Comparison of prediction on effective elastic property and shape optimization of truss material with periodic microstructure

This paper compares the representative volume element (RVE) method based on Dirichlet and Neumann boundary conditions with the homogenization method for predicting the effective elastic property of truss material with periodic microstructure. Numerical experiments show that, with increase of the number of the unit cell, n, the results of RVE method under the Dirichlet and Neumann boundary conditions converge towards those obtained with homogenization method from the above and below sides, respectively. For some specific types of the unit cell, RVE method gives the same results as those obtained with homogenization method, even if only one unit cell is included.
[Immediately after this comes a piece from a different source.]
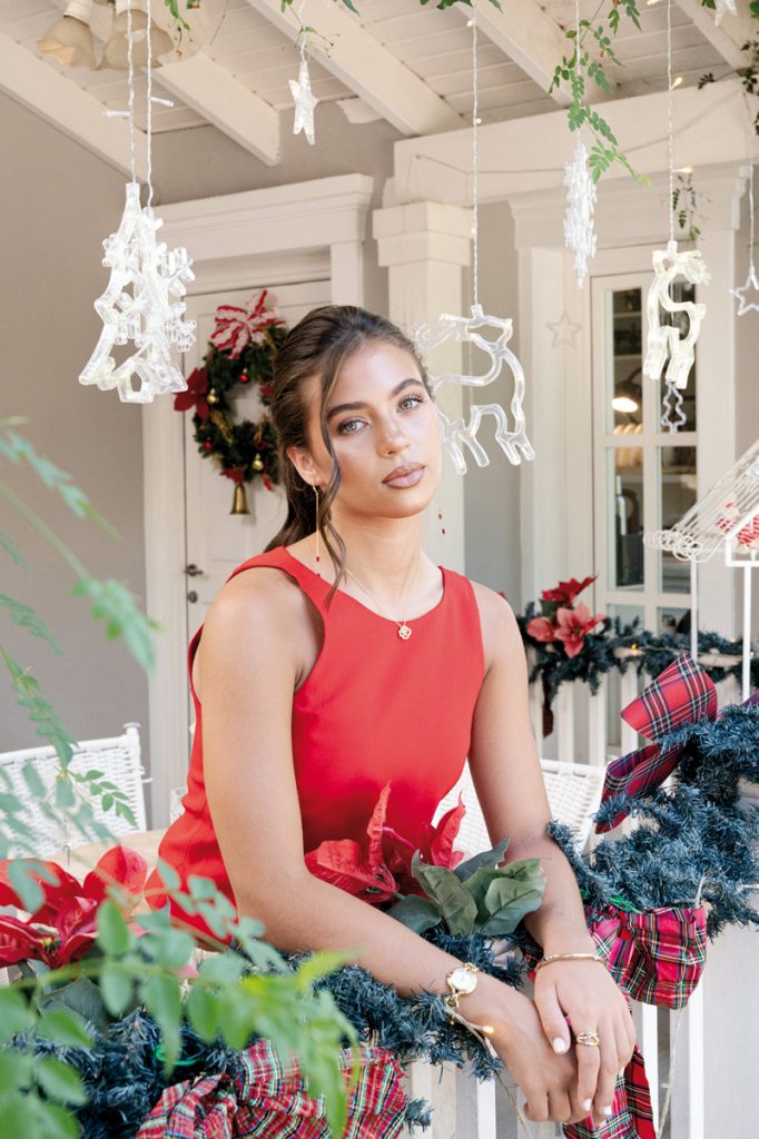 J: – Para las fechas festivas me encanta armar un look pen – sado: prendas distintas, texturas y accesorios que destaquen. Es mi excusa para jugar con la moda y darle mi estilo elegante. Mis esenciales son las faldas estilizadas, los vestidos fluidos o un buen top combinado con un conjunto que tenga movimiento y personalidad.

For RVE method, a simple criterion for judging the existence of scale effects is whether the equilibrium of the boundary nodal forces is guaranteed under the Dirichlet boundary conditions, or whether the deformation compatibility at the unit cell boundaries is satisfied under the Neumann boundary conditions. We also discover that for a specific type of truss material, whose unit cell has no characteristic displacement defined in homogenization method, the volume average of members’ properties in the unit cell gives the exact prediction of the effective elastic properties. Finally, shape optimization technique is applied to find the optimal geometric shape of the unit cell for truss material with the maximum and minimum shear stiffness, and the numerical singularity involved is discussed as well.